Here is the listing. Report each line in it that contains the string "opening".

**TASK INPUTS:**

__________________________________________________

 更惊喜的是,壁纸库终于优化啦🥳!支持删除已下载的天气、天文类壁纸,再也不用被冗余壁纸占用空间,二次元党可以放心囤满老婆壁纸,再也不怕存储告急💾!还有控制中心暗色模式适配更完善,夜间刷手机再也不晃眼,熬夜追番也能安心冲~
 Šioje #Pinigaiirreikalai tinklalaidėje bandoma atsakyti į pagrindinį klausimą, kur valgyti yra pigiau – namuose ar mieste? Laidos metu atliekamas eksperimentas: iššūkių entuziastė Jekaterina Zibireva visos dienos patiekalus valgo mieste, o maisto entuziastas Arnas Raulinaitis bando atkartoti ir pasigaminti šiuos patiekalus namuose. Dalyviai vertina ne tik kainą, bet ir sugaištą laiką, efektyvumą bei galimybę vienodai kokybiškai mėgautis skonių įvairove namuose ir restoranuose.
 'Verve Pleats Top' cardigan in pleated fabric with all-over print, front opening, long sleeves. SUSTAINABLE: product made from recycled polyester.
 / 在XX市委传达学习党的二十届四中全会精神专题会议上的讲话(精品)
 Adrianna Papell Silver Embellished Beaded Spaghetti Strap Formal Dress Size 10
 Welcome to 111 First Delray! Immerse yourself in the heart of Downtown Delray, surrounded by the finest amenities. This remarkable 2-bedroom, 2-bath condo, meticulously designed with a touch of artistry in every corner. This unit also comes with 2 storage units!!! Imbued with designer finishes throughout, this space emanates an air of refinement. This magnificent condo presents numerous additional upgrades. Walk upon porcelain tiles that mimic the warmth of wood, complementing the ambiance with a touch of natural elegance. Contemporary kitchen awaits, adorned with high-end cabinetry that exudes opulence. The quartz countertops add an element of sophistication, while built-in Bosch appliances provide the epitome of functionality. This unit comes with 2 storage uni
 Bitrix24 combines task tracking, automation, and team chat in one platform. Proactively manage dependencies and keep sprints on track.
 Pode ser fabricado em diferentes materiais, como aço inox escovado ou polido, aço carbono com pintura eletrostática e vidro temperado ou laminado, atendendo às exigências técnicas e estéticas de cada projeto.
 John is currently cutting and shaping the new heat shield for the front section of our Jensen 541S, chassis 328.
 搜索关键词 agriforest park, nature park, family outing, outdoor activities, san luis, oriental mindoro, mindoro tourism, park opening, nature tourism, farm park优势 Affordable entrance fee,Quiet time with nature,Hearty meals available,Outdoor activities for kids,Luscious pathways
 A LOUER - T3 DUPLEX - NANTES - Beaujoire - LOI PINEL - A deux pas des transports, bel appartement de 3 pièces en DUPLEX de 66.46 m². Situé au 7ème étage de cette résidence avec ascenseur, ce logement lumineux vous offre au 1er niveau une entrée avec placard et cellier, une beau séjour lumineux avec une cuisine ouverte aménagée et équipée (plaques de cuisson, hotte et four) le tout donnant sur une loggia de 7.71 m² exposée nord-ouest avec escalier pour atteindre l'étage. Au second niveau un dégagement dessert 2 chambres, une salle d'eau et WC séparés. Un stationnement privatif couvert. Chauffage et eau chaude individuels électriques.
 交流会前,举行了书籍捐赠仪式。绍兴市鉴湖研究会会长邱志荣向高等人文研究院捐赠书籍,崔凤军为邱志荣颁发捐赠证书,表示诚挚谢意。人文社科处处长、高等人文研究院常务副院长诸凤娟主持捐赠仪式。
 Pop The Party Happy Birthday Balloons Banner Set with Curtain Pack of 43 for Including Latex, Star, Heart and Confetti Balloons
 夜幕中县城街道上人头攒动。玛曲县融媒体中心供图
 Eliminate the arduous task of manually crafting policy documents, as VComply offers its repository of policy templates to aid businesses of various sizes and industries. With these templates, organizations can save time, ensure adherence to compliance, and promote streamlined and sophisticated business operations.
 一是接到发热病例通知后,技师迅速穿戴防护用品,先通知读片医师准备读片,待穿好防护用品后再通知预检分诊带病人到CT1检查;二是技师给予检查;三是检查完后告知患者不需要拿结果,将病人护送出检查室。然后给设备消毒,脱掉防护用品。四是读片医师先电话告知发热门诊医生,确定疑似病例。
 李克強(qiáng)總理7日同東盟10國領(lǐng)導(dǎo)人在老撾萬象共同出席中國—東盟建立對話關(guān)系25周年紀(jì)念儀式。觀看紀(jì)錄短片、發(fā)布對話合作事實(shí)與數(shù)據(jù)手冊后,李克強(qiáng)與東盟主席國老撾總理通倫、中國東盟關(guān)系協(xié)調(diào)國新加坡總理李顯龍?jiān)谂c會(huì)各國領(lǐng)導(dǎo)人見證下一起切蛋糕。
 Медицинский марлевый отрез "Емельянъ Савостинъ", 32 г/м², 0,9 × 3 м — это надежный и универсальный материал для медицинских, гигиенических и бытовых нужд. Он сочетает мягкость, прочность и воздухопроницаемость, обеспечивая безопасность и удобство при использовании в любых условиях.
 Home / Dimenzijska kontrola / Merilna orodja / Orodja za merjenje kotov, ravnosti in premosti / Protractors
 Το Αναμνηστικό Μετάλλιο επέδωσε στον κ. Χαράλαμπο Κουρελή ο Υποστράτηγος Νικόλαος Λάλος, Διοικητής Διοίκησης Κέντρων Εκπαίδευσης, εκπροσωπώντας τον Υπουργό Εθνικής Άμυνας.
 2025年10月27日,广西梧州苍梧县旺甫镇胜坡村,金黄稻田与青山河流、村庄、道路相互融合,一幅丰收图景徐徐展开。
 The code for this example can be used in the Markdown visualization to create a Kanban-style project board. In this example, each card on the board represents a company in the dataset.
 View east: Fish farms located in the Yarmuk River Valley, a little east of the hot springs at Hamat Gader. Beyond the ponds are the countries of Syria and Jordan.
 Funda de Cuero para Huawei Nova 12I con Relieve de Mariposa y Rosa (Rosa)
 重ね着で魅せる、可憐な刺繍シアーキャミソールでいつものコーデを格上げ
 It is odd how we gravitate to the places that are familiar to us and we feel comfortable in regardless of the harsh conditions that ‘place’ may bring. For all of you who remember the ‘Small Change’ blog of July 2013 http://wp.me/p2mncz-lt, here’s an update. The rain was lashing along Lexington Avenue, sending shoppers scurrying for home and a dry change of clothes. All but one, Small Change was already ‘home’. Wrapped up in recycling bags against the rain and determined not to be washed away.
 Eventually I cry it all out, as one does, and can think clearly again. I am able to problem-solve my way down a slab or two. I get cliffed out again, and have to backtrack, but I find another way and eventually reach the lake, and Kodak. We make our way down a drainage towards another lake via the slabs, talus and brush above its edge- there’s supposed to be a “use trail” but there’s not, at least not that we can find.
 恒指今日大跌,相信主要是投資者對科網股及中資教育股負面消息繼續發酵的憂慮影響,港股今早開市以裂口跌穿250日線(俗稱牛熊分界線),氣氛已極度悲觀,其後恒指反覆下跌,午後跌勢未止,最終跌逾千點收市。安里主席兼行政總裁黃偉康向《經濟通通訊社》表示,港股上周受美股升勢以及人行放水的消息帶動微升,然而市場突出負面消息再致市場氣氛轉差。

__________________________________________________

**RESULT OF THE EXERCISE:**
 'Verve Pleats Top' cardigan in pleated fabric with all-over print, front opening, long sleeves. SUSTAINABLE: product made from recycled polyester.
 搜索关键词 agriforest park, nature park, family outing, outdoor activities, san luis, oriental mindoro, mindoro tourism, park opening, nature tourism, farm park优势 Affordable entrance fee,Quiet time with nature,Hearty meals available,Outdoor activities for kids,Luscious pathways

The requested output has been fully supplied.